Technical Specifications

Architecture overview: The shared executor resolves structured document targets, builds ordered windows from stored chunks, runs the selected model or agent on every window, retries failed windows when configured, and reduces the window outputs into one final answer.

Workflow support: Personal workflows now persist an analyze configuration with document_ids, doc_scope, scope hints for group or public workspaces, and optional windowing controls.

Chat support: Chat exposes a dedicated Analyze entry point and routes those requests through /api/chat/analyze/stream, which reuses the same backend execution path as workflows.
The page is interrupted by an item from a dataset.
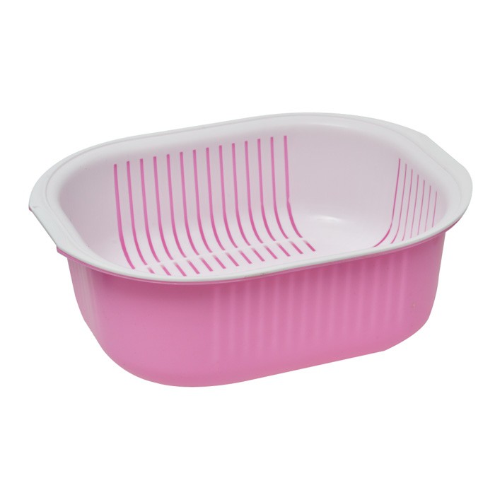 + Rổ trên được thiết kế dạng nan đan xen dễ dàng ráo nước, rổ dưới như một chiếc chậu nhỏ hứng nước từ rổ trên nhỏ xuống

Coverage output: Final responses append a deterministic coverage section with total windows, processed windows, failed windows, retries, and per-document range information.

Usage Instructions

How to enable/configure: In the workspace workflow modal, enable Document analysis selected documents, provide fixed document ids or use the current workspace selection, and optionally tune window size, window percent, or retries.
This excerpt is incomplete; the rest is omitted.